§ **Records**
****

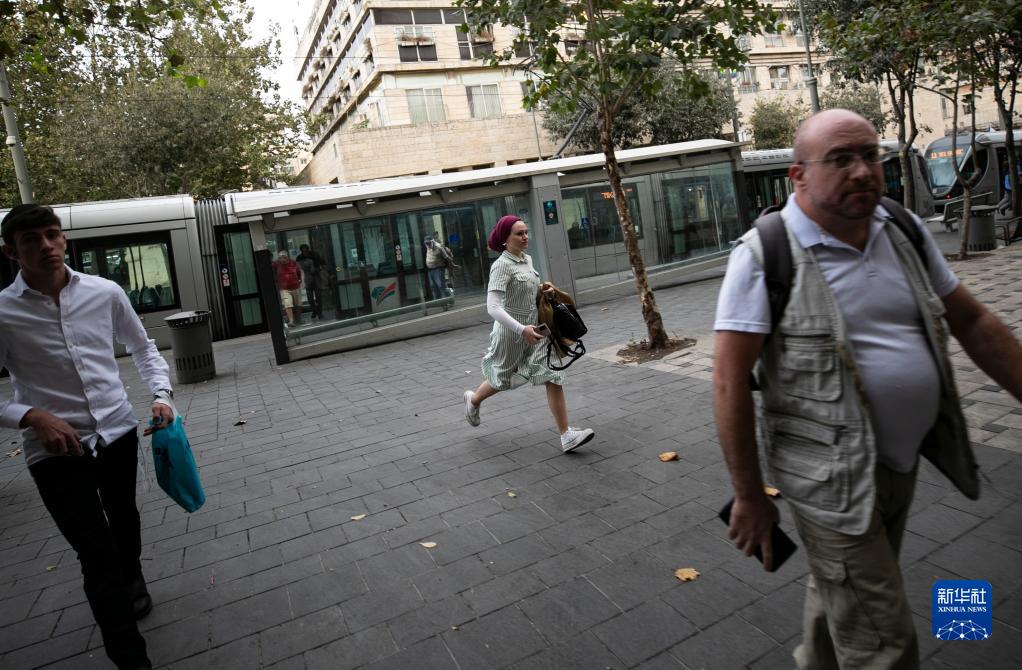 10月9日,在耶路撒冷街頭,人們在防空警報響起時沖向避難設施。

****

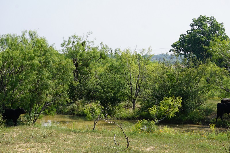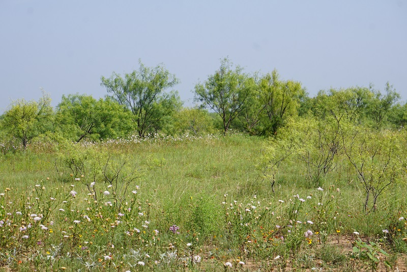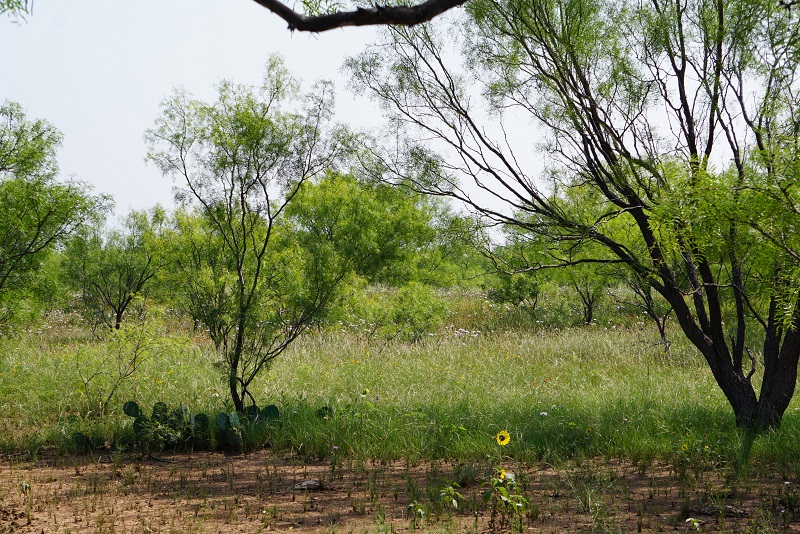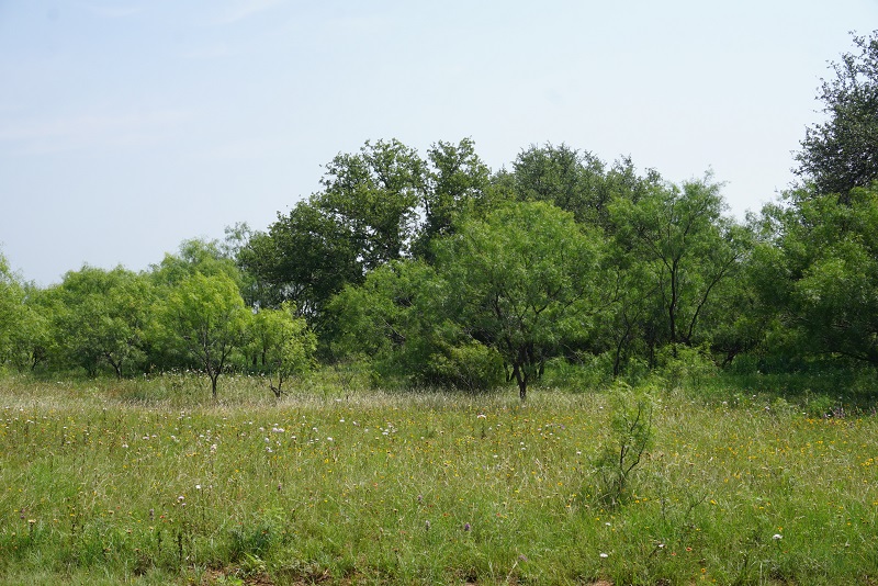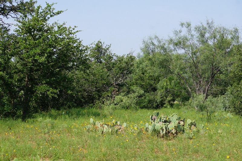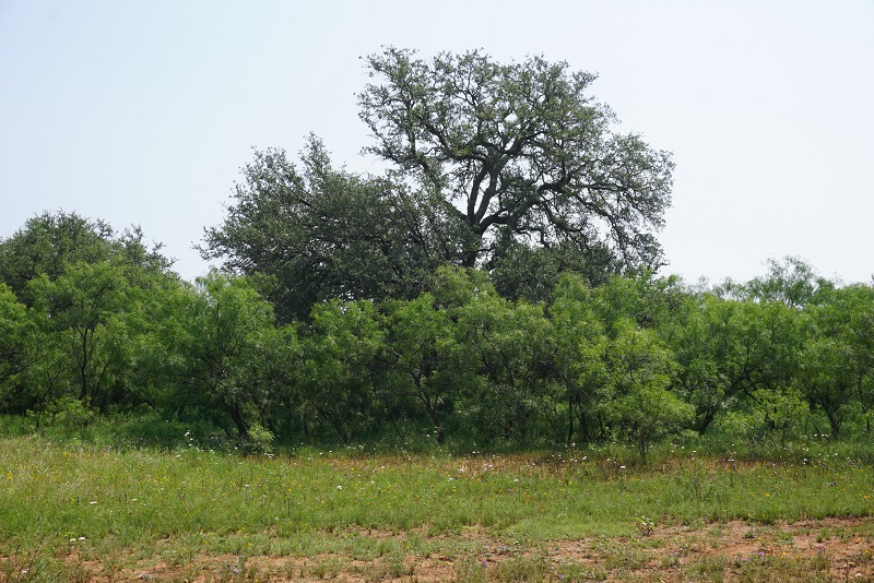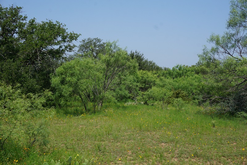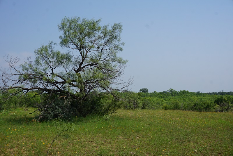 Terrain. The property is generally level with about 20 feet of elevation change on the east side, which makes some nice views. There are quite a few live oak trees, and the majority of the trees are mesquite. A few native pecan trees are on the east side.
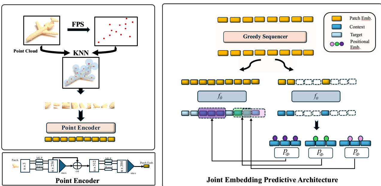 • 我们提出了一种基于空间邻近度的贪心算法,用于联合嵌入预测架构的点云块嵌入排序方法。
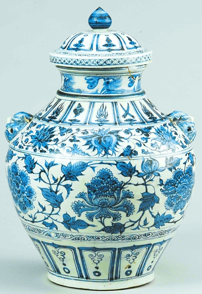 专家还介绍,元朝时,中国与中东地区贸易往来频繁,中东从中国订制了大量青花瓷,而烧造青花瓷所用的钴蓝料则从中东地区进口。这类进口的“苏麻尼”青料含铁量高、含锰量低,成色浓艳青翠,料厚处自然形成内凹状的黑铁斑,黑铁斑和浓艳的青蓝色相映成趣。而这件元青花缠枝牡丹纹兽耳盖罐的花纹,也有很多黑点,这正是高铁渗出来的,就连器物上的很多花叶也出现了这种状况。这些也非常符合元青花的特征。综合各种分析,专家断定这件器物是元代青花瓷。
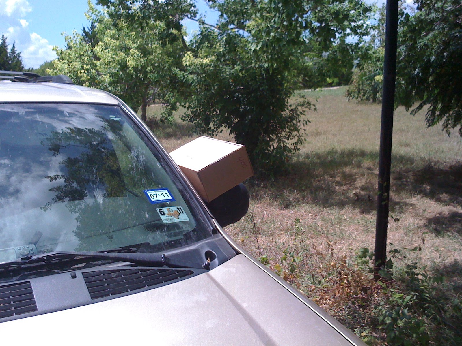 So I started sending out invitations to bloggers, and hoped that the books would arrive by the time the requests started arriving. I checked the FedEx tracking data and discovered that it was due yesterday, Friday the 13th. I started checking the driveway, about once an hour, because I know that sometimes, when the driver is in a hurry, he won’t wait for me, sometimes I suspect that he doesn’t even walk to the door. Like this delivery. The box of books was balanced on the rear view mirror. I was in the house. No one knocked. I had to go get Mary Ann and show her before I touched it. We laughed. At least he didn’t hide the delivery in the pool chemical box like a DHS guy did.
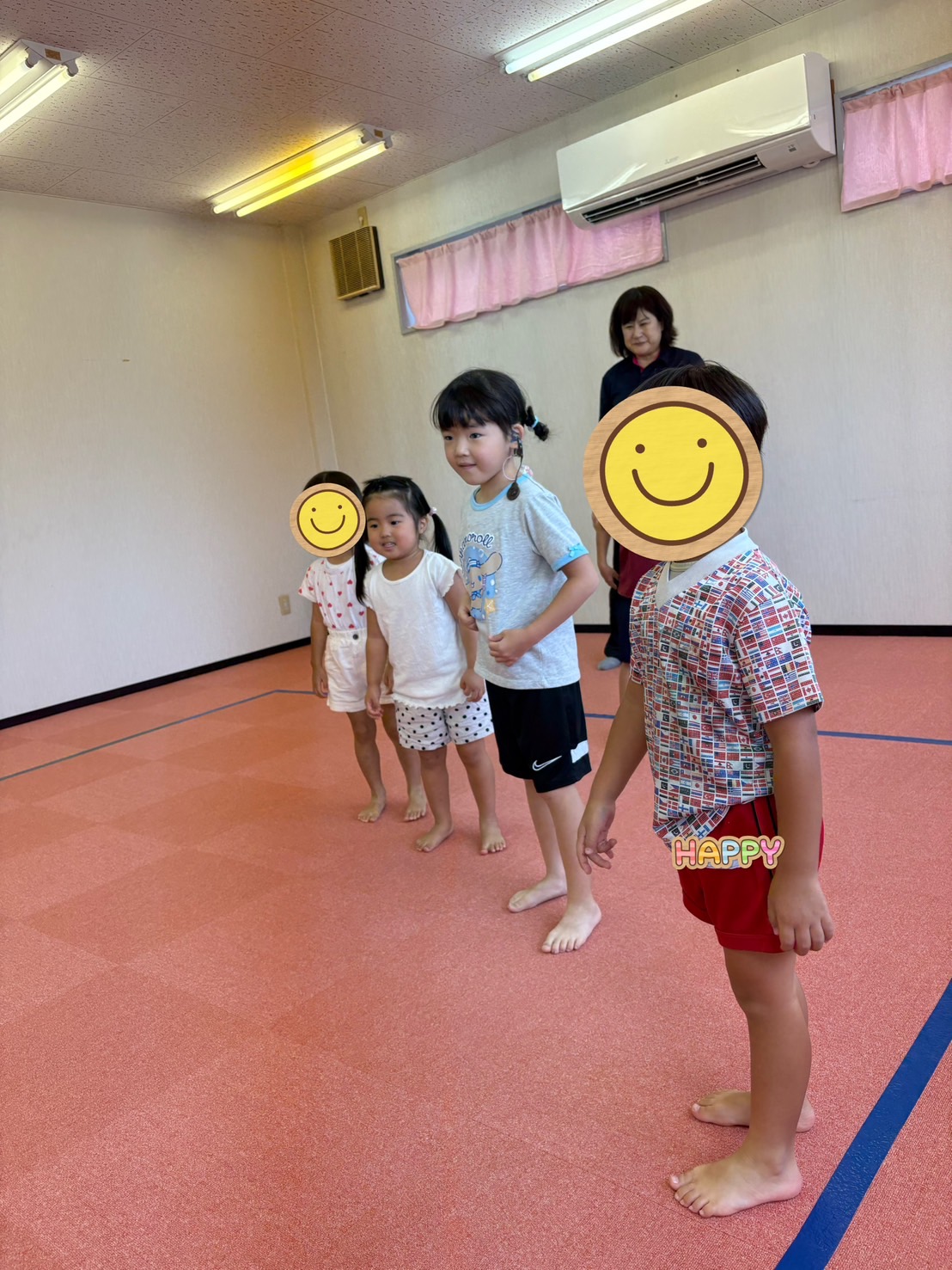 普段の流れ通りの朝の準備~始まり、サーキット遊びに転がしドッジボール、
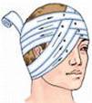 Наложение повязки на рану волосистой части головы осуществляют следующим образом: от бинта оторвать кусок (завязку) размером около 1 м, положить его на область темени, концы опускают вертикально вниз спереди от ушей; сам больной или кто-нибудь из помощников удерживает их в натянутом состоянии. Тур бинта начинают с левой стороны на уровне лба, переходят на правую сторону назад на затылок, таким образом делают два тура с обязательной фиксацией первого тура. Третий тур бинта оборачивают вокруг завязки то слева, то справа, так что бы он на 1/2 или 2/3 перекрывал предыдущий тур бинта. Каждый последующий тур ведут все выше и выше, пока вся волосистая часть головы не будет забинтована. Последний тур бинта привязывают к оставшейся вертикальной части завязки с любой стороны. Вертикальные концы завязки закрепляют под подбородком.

****

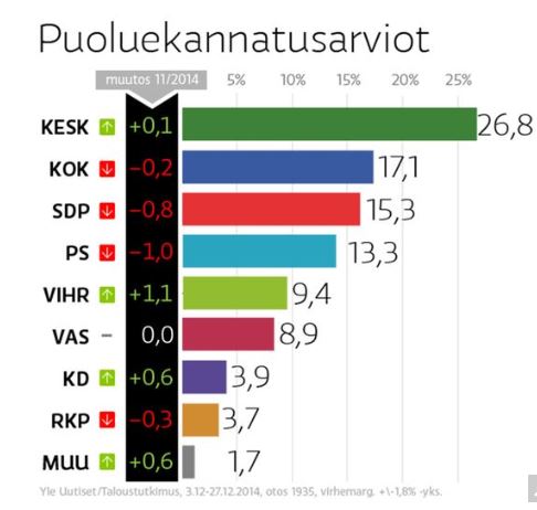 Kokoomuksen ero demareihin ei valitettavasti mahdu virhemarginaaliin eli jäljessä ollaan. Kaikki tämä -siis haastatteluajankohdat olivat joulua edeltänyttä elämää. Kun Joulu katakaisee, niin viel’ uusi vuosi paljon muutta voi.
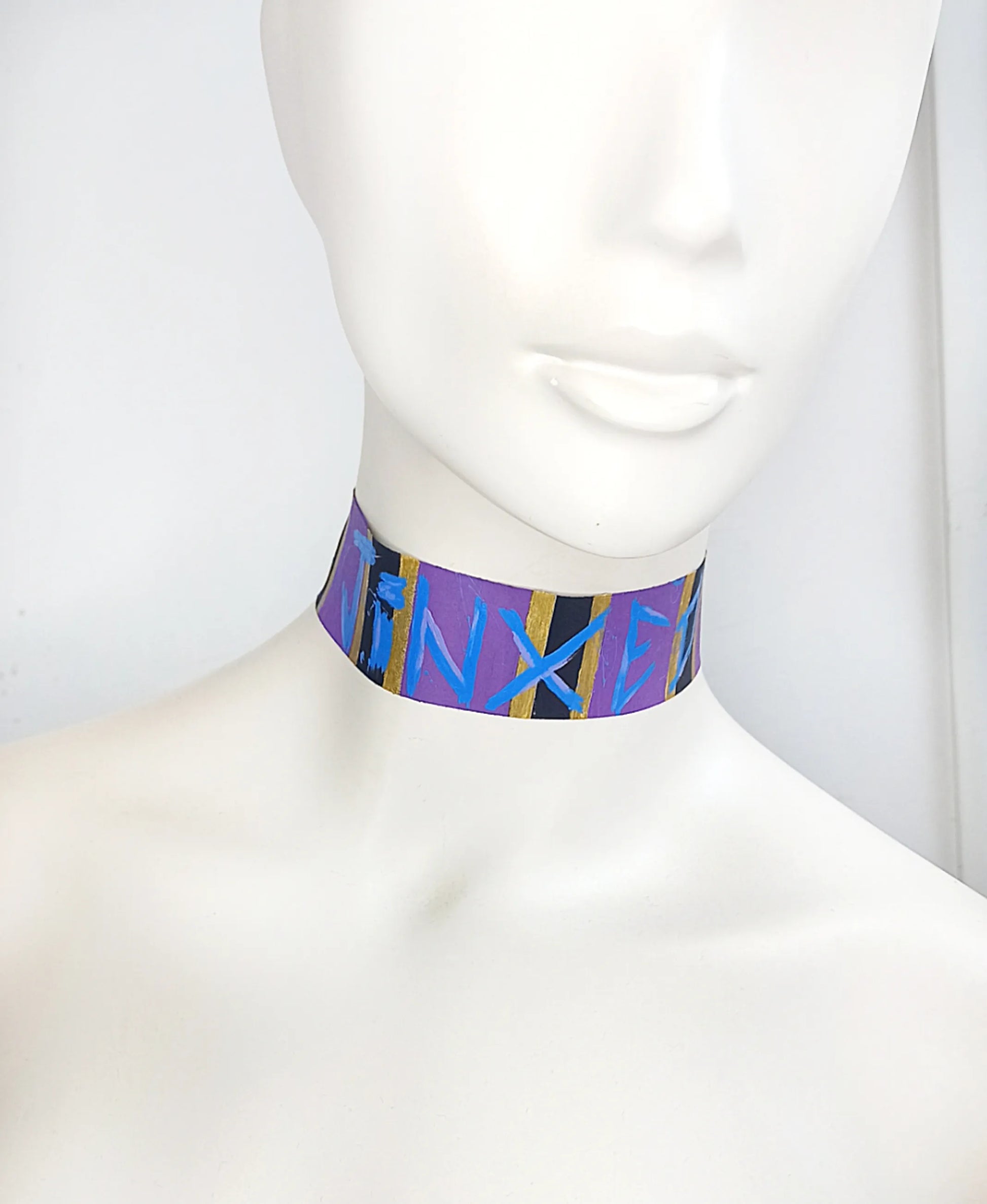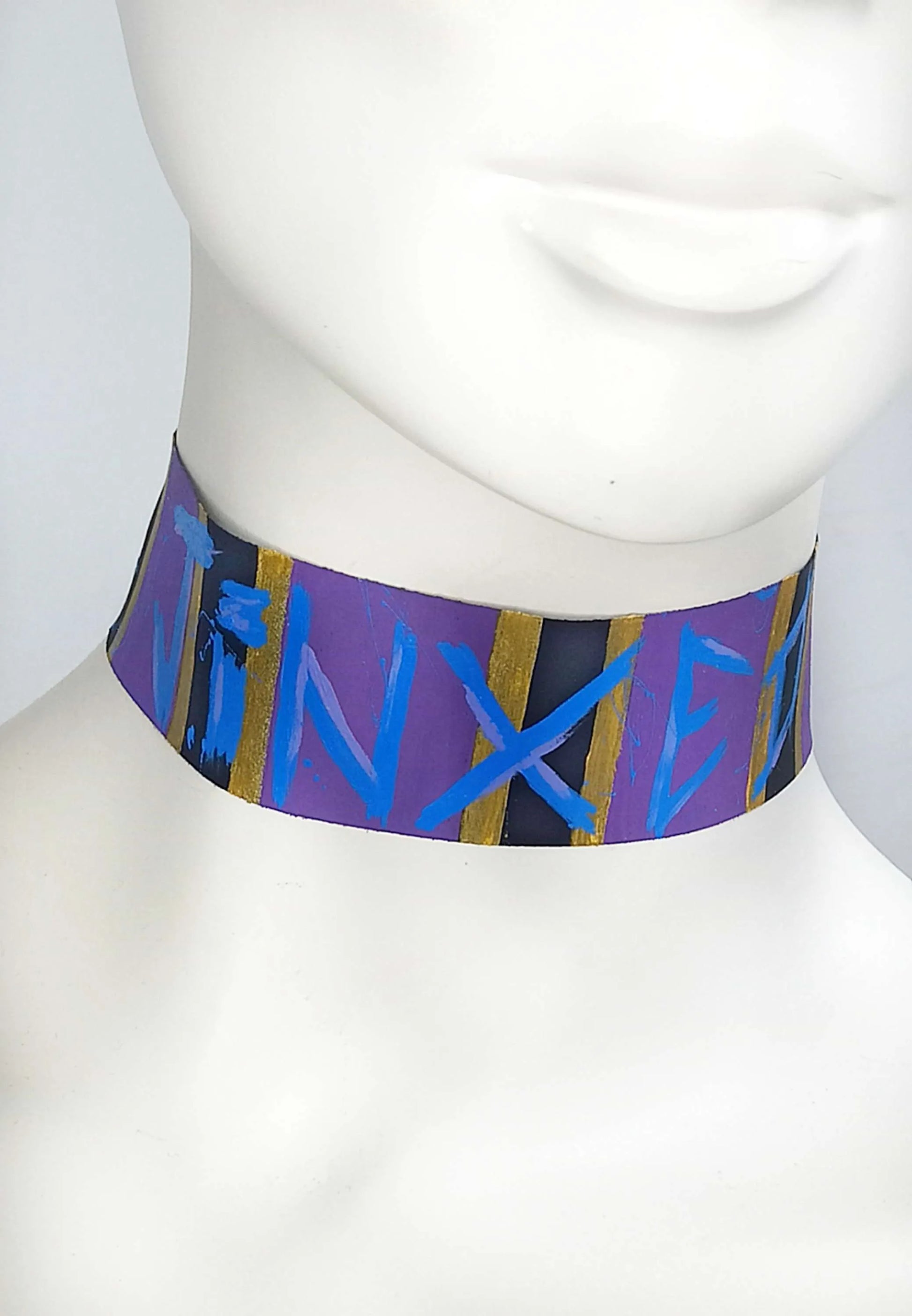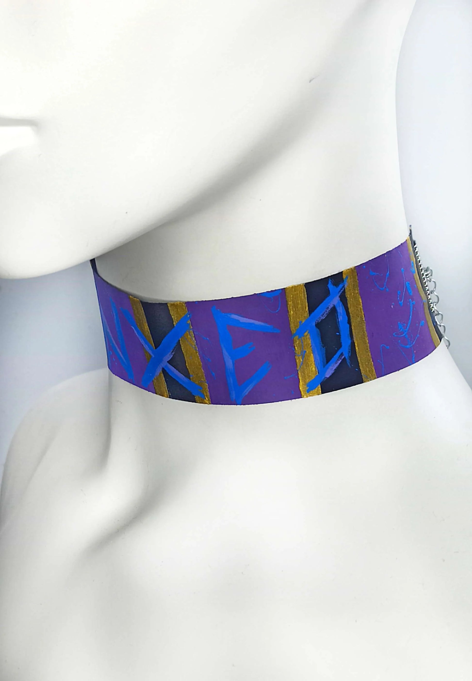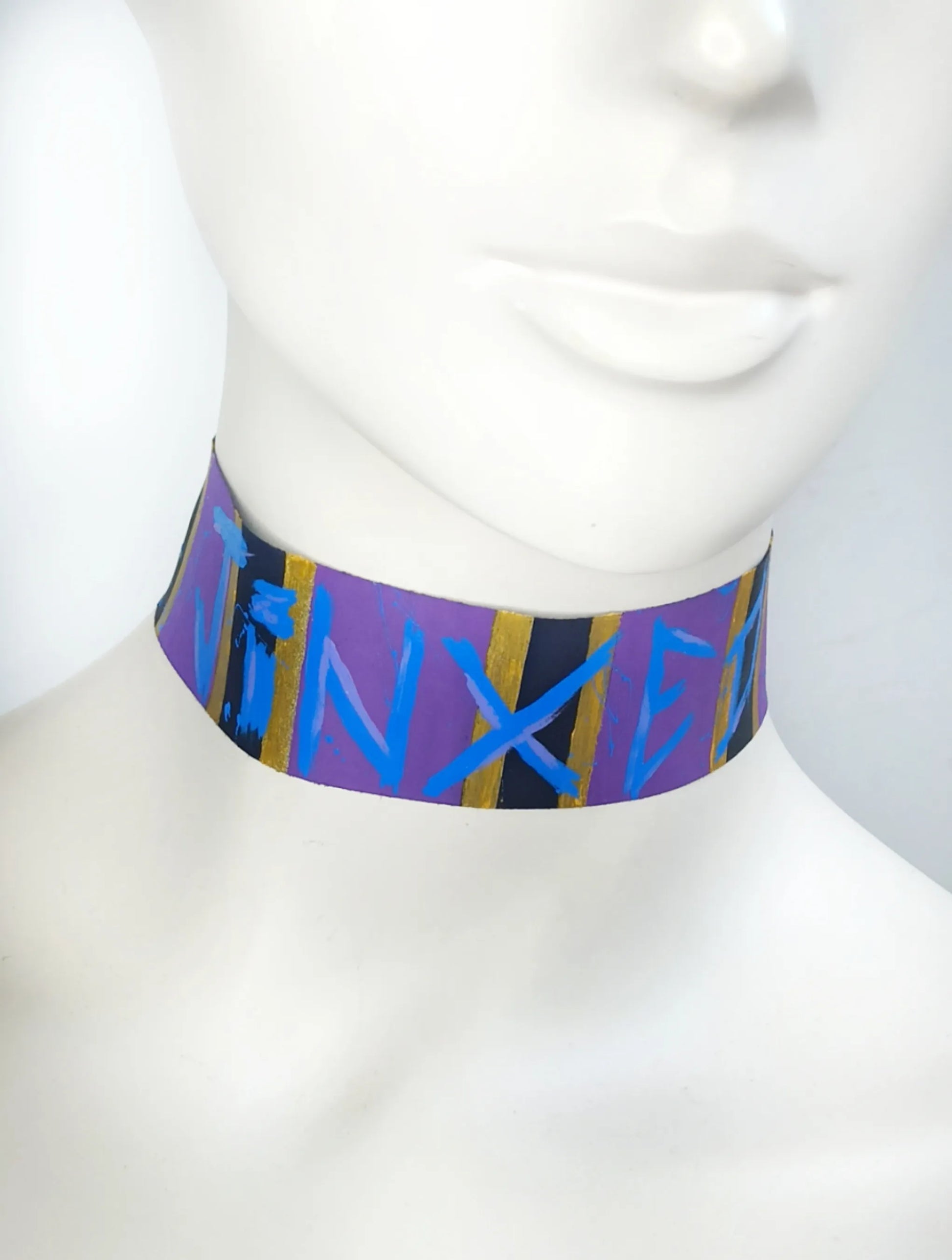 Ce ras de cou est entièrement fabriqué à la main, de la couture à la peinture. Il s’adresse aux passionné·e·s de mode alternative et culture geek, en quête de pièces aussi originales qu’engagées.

****

§ **Task goal**
A word-for-word reproduction is needed of the lines above from the line containing "Terrain. The property" through the line containing "Наложение повязки на", with both ends kept and no pictures.

§ **Expected answer**
 Terrain. The property is generally level with about 20 feet of elevation change on the east side, which makes some nice views. There are quite a few live oak trees, and the majority of the trees are mesquite. A few native pecan trees are on the east side.
 • 我们提出了一种基于空间邻近度的贪心算法,用于联合嵌入预测架构的点云块嵌入排序方法。
 专家还介绍,元朝时,中国与中东地区贸易往来频繁,中东从中国订制了大量青花瓷,而烧造青花瓷所用的钴蓝料则从中东地区进口。这类进口的“苏麻尼”青料含铁量高、含锰量低,成色浓艳青翠,料厚处自然形成内凹状的黑铁斑,黑铁斑和浓艳的青蓝色相映成趣。而这件元青花缠枝牡丹纹兽耳盖罐的花纹,也有很多黑点,这正是高铁渗出来的,就连器物上的很多花叶也出现了这种状况。这些也非常符合元青花的特征。综合各种分析,专家断定这件器物是元代青花瓷。
 So I started sending out invitations to bloggers, and hoped that the books would arrive by the time the requests started arriving. I checked the FedEx tracking data and discovered that it was due yesterday, Friday the 13th. I started checking the driveway, about once an hour, because I know that sometimes, when the driver is in a hurry, he won’t wait for me, sometimes I suspect that he doesn’t even walk to the door. Like this delivery. The box of books was balanced on the rear view mirror. I was in the house. No one knocked. I had to go get Mary Ann and show her before I touched it. We laughed. At least he didn’t hide the delivery in the pool chemical box like a DHS guy did.
 普段の流れ通りの朝の準備~始まり、サーキット遊びに転がしドッジボール、
 Наложение повязки на рану волосистой части головы осуществляют следующим образом: от бинта оторвать кусок (завязку) размером около 1 м, положить его на область темени, концы опускают вертикально вниз спереди от ушей; сам больной или кто-нибудь из помощников удерживает их в натянутом состоянии. Тур бинта начинают с левой стороны на уровне лба, переходят на правую сторону назад на затылок, таким образом делают два тура с обязательной фиксацией первого тура. Третий тур бинта оборачивают вокруг завязки то слева, то справа, так что бы он на 1/2 или 2/3 перекрывал предыдущий тур бинта. Каждый последующий тур ведут все выше и выше, пока вся волосистая часть головы не будет забинтована. Последний тур бинта привязывают к оставшейся вертикальной части завязки с любой стороны. Вертикальные концы завязки закрепляют под подбородком.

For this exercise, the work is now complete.